HumorRank: A Tournament-Based Leaderboard for Evaluating Humor Generation in Large Language Models

arXiv cs.CL / 4/23/2026

📰 NewsSignals & Early TrendsIdeas & Deep AnalysisModels & Research

Key Points

  • Humor generation evaluation for LLMs remains difficult because prior methods produce separate, non-comparable metrics, so it’s hard to rank and track model progress consistently.
  • The paper introduces HumorRank, a tournament-based leaderboard that converts pairwise humor judgments into unified, globally consistent rankings.
  • It uses the SemEval-2026 MWAHAHA dataset and runs extensive automated pairwise evaluations across nine models (including proprietary, open-weight, and specialized systems).
  • HumorRank applies GTVH-based pairwise judging aggregated through an Adaptive Swiss tournament, with Bradley-Terry MLE to estimate overall humor capability.
  • The authors find that humor quality depends more on mastering comedic mechanisms than on model scale, providing a scalable and interpretable benchmarking approach.

Abstract

Evaluating humor in large language models (LLMs) is an open challenge because existing approaches yield isolated, incomparable metrics rather than unified model rankings, making it difficult to track progress across systems.
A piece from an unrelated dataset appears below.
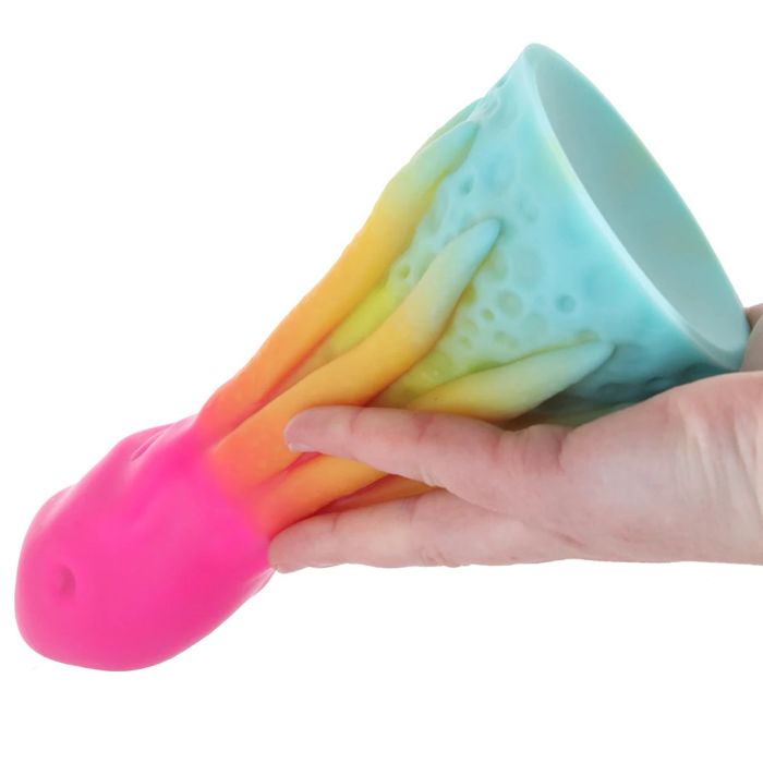 Deze unieke dildo is ontworpen om je zintuigen te prikkelen bij elke beweging. Met zijn dikke schacht en prachtige regenboogkleuren is deze dildo niet alleen een lust voor het oog, maar biedt hij ook een ongeëvenaarde ervaring. De bolvormige, driehoekige kop zorgt voor gerichte stimulatie, terwijl de acht poten met een touwachtige textuur extra sensatie toevoegen tijdens het rijden. Gemaakt van hoogwaardige, flexibele en ftalaatvrije siliconen, is deze dildo veilig voor je lichaam en perfect te combineren met glijmiddel op waterbasis. Geniet van handsfree plezier dankzij de sterke zuignap, ideaal voor spannende solo-avonturen of om je partner uit te nodigen voor kinky cosplay en fantasy-rollenspellen. Wil je je fantasieën verder verkennen? Transformeer deze dildo eenvoudig in een strap-on met je favoriete harnas en laat je creativiteit de vrije loop! Na gebruik is hij moeiteloos schoon te maken; was hem met warm water en milde zeep, spray met een toycleaner en laat hem aan de lucht drogen. Vergeet niet om hem te beschermen tegen direct zonlicht en warmte voor een langdurige levensduur. Voeg deze kleurrijke inktvis toe aan je collectie en ervaar een nieuwe dimensie van genot!

We introduce HumorRank, a tournament-based evaluation framework and leaderboard for textual humor generation. Using SemEval-2026 MWAHAHA test dataset, we conduct an extensive automated pairwise evaluation across nine models spanning proprietary, open-weight, and specialized systems. Pairwise judgments grounded in the General Theory of Verbal Humor (GTVH) are aggregated via an Adaptive Swiss tournament, with Bradley-Terry Maximum Likelihood Estimation (MLE) producing globally consistent humor generation capability rankings. Our results demonstrate that HumorRank yields statistically grounded model stratifications, showing that humor quality is driven by mastery of comedic mechanisms rather than model scale alone. HumorRank thus provides a scalable, interpretable methodology for benchmarking and understanding LLM-generated humor.